Announcer: You’re listening to Tradestreaming Radio with your host Zack Miller. Expand your mind, become a better investor with tools, tips and technology from the smartest investors on the planet.Zack: Welcome to Tradestreaming Radio. I’m you’re host Zack Miller and this is the place where investors learn directly from experts. I don’t know about you, but I’ve got this itch. And the itch has always been that it’s been traditionally really hard to get a unified login for multiple brokerage accounts. What I mean by that is that most people, as we know from the data, have multiple brokerage accounts, they don’t have all their assets with one firm.
Now, how do you get a view of everything that’s going on? And of course there’s been lip service, and there’s some products out there that help you get a view of everything, but I still have found it sort of an imperfect solution. There have been a couple of companies over the past couple of years that have really targeted this area. Jemstep is one of them, and today’s guest is Simon Roy from Jemstep. Jemstep took it a step further.
The first step you’re going to have, if you want to get a complete overview, if you want to take hold of all of your holdings wherever they may be, is to hook up your multiple brokerage accounts to Jemstep. It throws it all into a unified blender and shows you your overall portfolio. That’s the first step, and that’s important but not crucial. The next step is actually saying “Well let’s look at all the holdings across all my accounts and optimize it.”
And Jemstep has created exactly that, and a performance optimizer where Jemstep will take you through this process of defining you risk, defining your investor personality, and then analyzing each and every security in your portfolio against that. Then it’s an optimization engine that says basically “Well, if you own this large cap fund, maybe there’s a better or cheaper one out there for you. Why don’t you go grab that one?”
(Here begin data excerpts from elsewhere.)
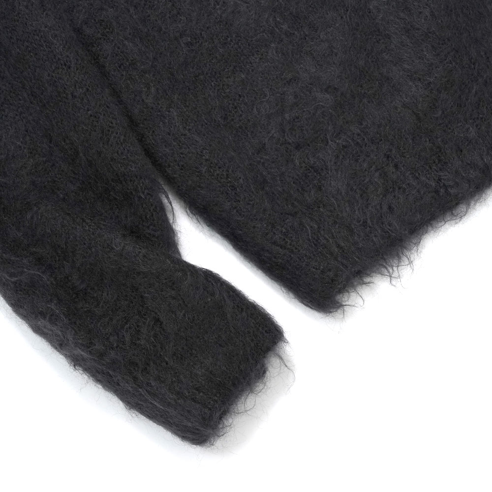 南アフリカ産の柔らかなスーパーキッドモヘヤを甘撚りに紡績し、芯糸には柔らかな天然ウールを使用して編み上げた、ふんわりとした温かみを感じる極上のモヘヤニットです。軽やかで滑らかな肌触りに加え、モヘヤ特有の美しい光沢感と、ボリューム感のある長い毛足が特徴です。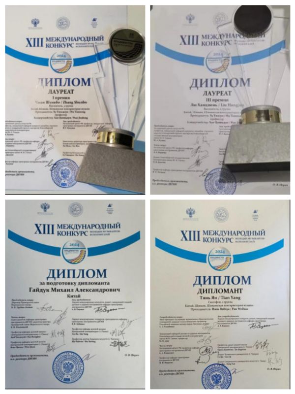 我校学生张舜博、刘航君、田阳、冯治澄在俄罗斯文化部举办的“第十三届符拉迪沃斯托克国际音乐比赛”中获得优异成绩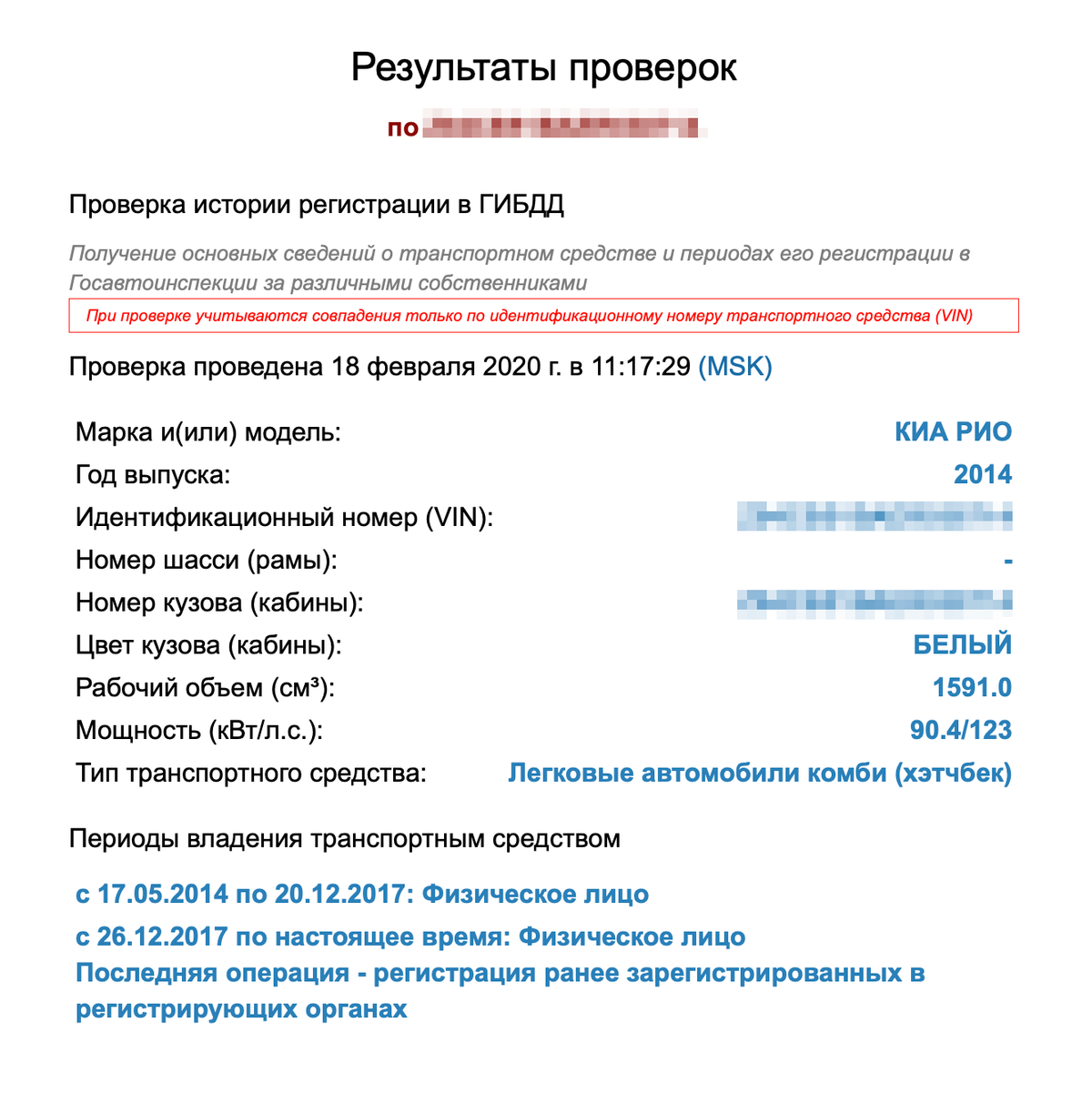 Результаты проверки с сайта ГИБДД — внизу указаны даты, когда автомобиль ставили и снимали с учета

I think this is a big leap forward in investing, for individual investors, and I hope to see more of these types of tools in development in the future. Wikinvest SigFig product, I know that because I’m helping them on a consulting basis, is going to look something very similar to what Jemstep is doing.
So I invited Simon on to talk about what Jemstep is, how it helps people manage their portfolios, how it helps them improve their investing results, and maybe where they’re headed in the future. I hope you enjoy this weeks program. I’m trying to do a mix on Tradestreaming in bring in authors with different strategies as well as entrepreneurs and business owners who have products that can help us all. Hope you’re enjoying that.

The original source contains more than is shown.